▶ [What is expected]: Check each line of the records below for the word "Consul" and copy those where it appears.

▶ [Records for this exercise]:
· · · · ·

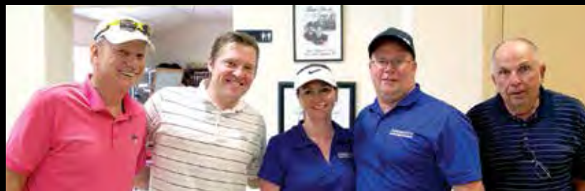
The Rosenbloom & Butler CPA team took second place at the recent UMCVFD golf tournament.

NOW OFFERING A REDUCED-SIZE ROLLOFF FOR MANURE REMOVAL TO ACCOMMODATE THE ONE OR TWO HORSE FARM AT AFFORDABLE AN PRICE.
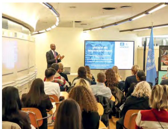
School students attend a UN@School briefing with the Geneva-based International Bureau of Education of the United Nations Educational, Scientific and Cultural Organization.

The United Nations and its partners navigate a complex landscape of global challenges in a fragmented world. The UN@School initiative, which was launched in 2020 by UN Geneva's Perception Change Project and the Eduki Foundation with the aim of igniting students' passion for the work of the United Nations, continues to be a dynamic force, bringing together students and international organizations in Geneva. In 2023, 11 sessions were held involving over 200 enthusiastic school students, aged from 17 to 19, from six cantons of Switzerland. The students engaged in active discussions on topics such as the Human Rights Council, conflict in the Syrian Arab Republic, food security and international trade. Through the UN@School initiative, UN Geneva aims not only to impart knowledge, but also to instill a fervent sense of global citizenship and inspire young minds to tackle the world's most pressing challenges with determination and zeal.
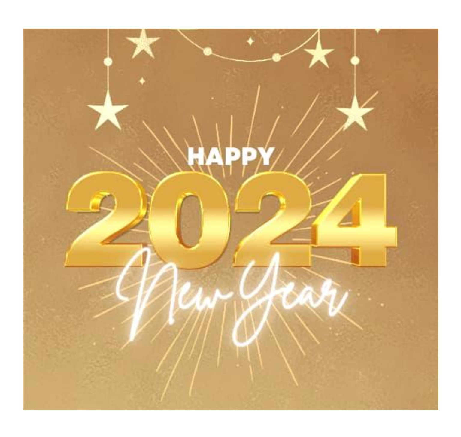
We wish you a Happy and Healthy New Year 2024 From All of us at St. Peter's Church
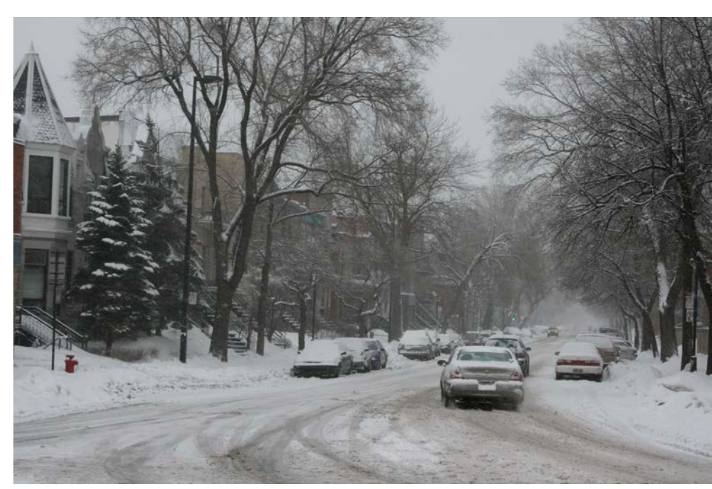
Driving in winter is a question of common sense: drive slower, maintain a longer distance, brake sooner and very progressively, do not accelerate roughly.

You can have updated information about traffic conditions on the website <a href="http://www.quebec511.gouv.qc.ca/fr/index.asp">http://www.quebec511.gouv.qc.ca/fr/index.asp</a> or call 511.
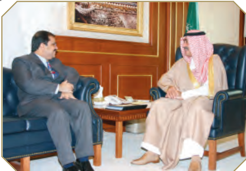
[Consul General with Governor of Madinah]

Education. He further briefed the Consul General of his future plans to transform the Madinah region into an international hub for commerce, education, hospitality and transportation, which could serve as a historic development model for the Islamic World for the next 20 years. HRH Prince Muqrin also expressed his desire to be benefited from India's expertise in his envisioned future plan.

· · · · ·

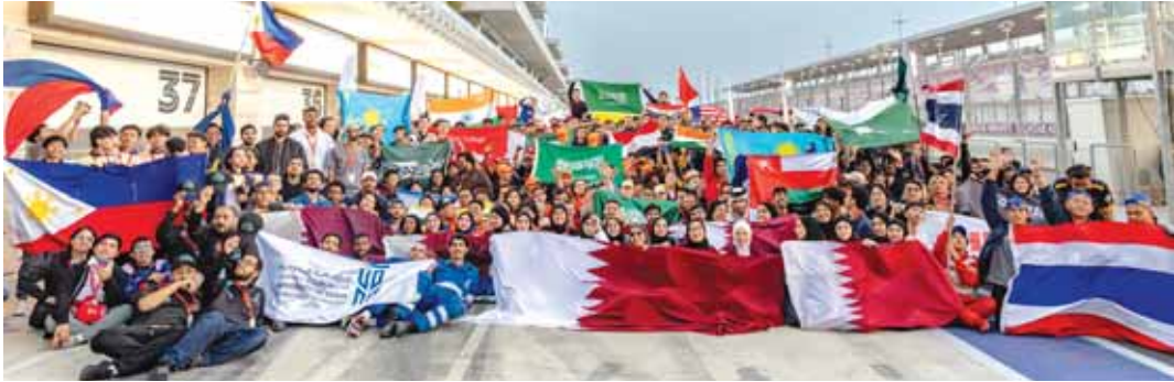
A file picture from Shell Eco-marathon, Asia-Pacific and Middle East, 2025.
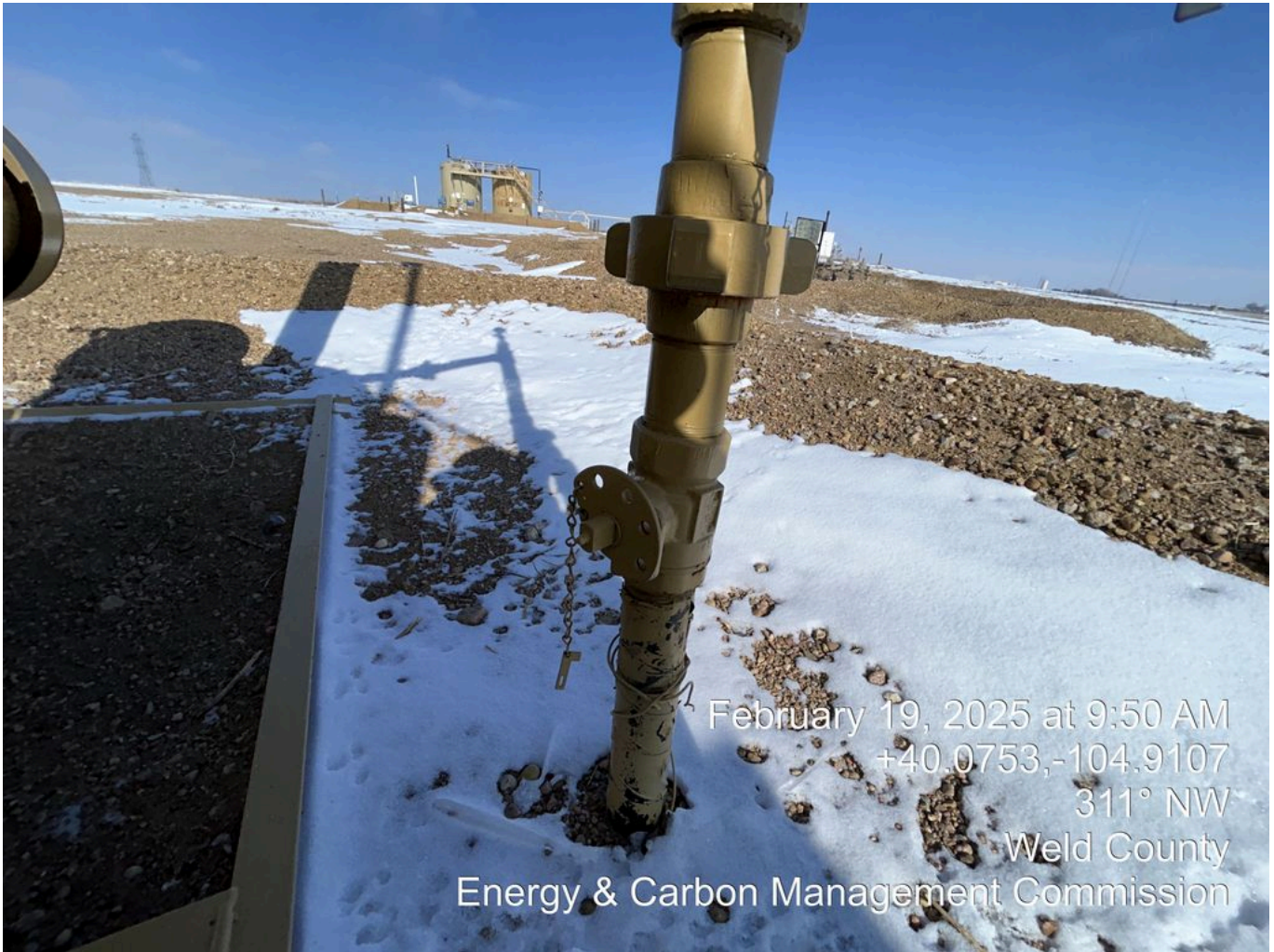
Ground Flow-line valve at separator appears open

· · · · ·

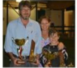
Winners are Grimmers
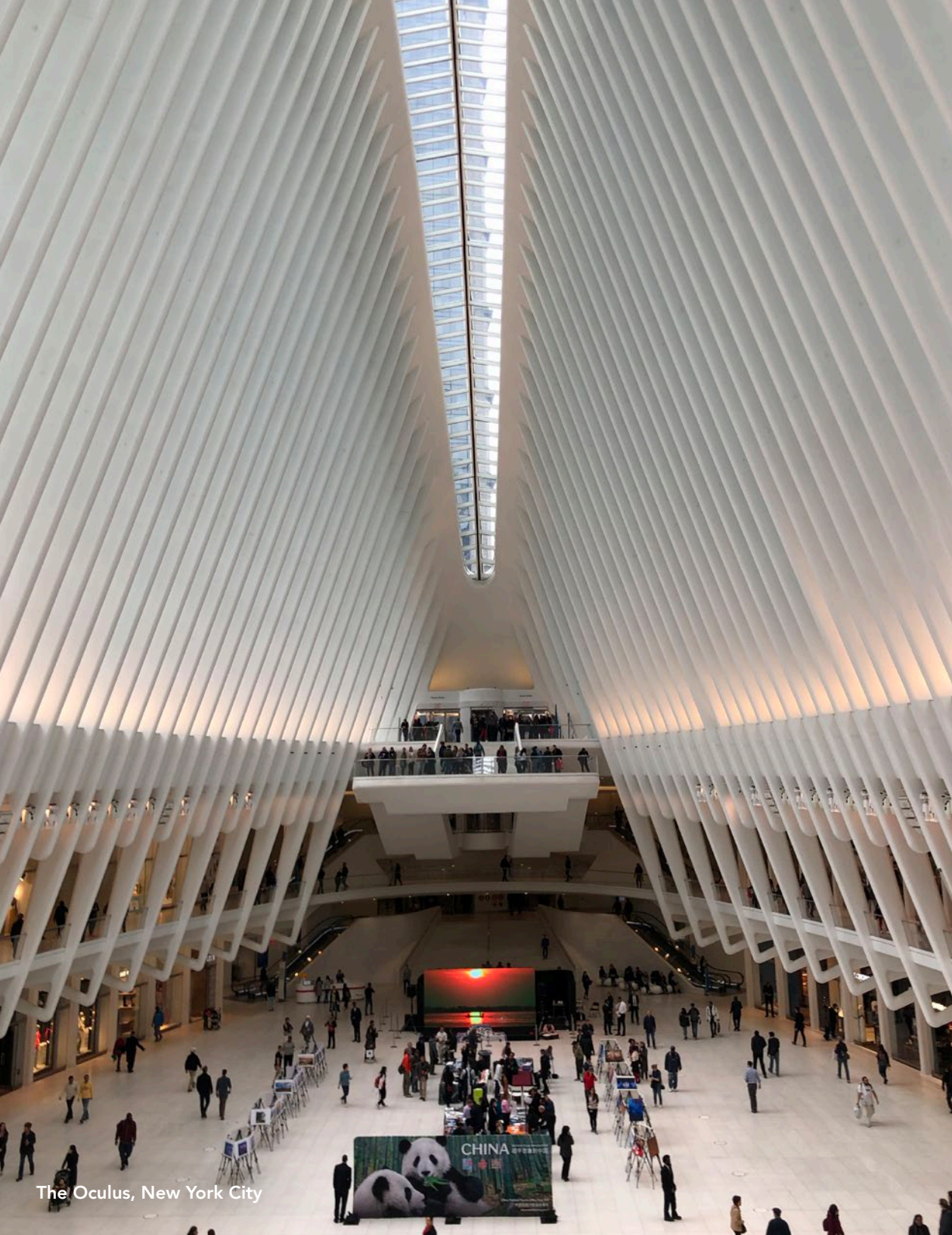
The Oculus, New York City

· · · · ·

▶ [Expected output]:
[Consul General with Governor of Madinah]
Education. He further briefed the Consul General of his future plans to transform the Madinah region into an international hub for commerce, education, hospitality and transportation, which could serve as a historic development model for the Islamic World for the next 20 years. HRH Prince Muqrin also expressed his desire to be benefited from India's expertise in his envisioned future plan.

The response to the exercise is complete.